Pourquoi écoute-t-on de la musique ? Pourquoi tel groupe plutôt que tel autre ? Tel style au détriment d’un autre ? Un peu de tout ou beaucoup de rien ? Définition par l’ouverture ou par la limite ?
L’une des réponses à la première question est la suivante : pour se définir en tant qu’être humain. Par le haut ou par le bas. Le fan des Smashing Pumpkins ou de Radiohead se sentira, à probable juste titre, plus intellectuellement stimulé que le fan de Blink 182. Chacun son truc. On peut chercher dans la musique une extension de soi-même, quelque chose qui nous ressemble. Le fameux et sacro-saint « c’est mon groupe ».

Partant de ce postulat, pourquoi des gens écoutent-ils Massive Attack ? Parce que les anglais ont une qualité non négligeable : réussir à faire croire au fasciné qu’il est fascinant. Principe de base de la séduction. Massive Attack ne fait pas de la musique, Massive Attack fait une abstraction de musique, un miroir déformant renvoyant aux tréfonds de soi-même. La musique, ou absence de musique, de Massive Attack a un seul et unique but : duper. Il n’y a rien à entendre, c’est pour cela que livré à lui-même, le faible charmé y entend tout. « Ils ont encore repoussé les limites de leur art », « après presque deux décennies, Massive Attack est encore au sommet ». Quelles limites ? Quel sommet ? Ce groupe n’a jamais écrit une chanson, n’a pas une mélodie ni un embryon de refrain à siffloter. Au lieu d’admettre qu’il n’y a rien à comprendre à cette branlette mentale, il semble plus intéressant, plus auto-définissant, d’y trouver un absolu.
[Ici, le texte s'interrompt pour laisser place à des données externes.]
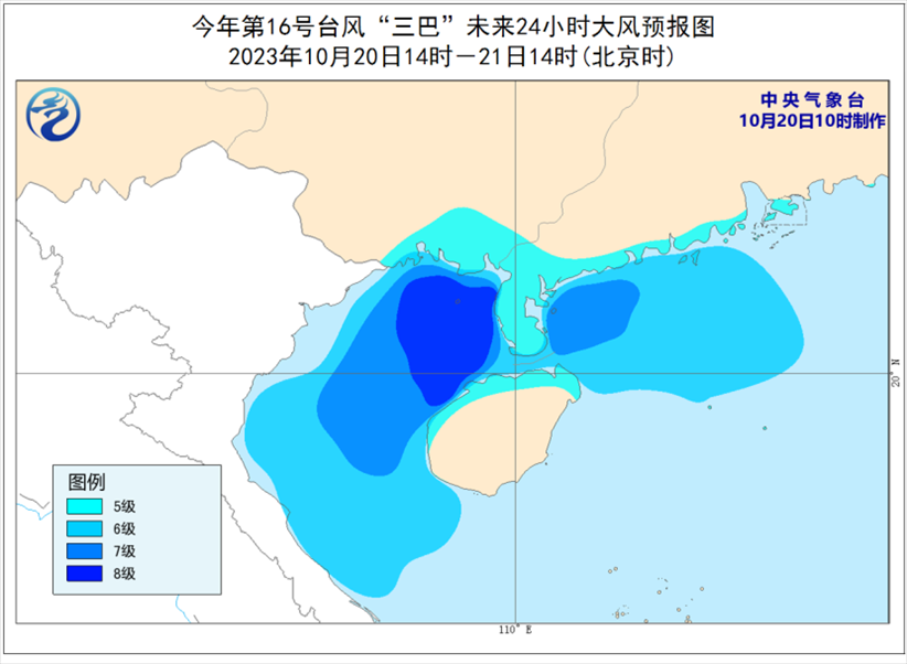 大風(fēng)預(yù)報:20日14時至21日14時,南海西北部、北部灣、瓊州海峽、廣東中西部沿海、廣西沿海、海南島北部和西部沿海將有6-8級風(fēng),陣風(fēng)9-10級。

Miroir dis-moi quelle fine oreille je suis ?

La duperie fonctionne à plein régime. Les gens qui aiment la musique sans l’aimer aiment Massive Attack, méprisent les impudents qui ne comprennent pas du haut depuis leurs hautes sphères de perception récemment atteintes. Les autres, ceux qui vivent la musique et qui ont une conception autre du mot chanson se marrent.

Il s’agit bien d’un affrontement ici entre deux visions antinomiques. On ne dit pas que l’une est plus valable que l’autre, on dit juste qu’en ce qui concerne cette chronique, le choix est fait (était fait avant même d’écouter le disque certains argueront). Le minimalisme jazzy hip hop de « Pray for rain », toutes les chansons sur ce même mode d’ailleurs electro lounge super datés, même Guy Garvey de Elbow n’arrivant pas à insuffler un souffle d’émotion, les habituels effets de manche, mais on le regrette pas de manche de guitare, ne prennent pas ici. De même que rien ne touche plus qu’une mélodie, peu de choses ennuient plus que l’absence de celles-ci. A ce niveau, Massive Attack reste roi de l’esbroufe, d’un paraître couronné par des médias un peu trop occupé à tenter de déchiffrer l’indéchiffrable : le fasciné se pense fascinant d’analyse (remarque, on le convient, applicable à cette chronique). Sauf que sur ‘Heligoland‘, Massive Attack n’a même pas jugé bon d’essayer de masquer le vide à l’aide d’un « Teardrop ». Tout ici est lourd, calme et vol de temps.

On nous dit : Massive Attack se mérite. Rituel obligatoire des bougies, pénombres, substances illicites ou pas, allongé, au casque. Pour dormir, donc.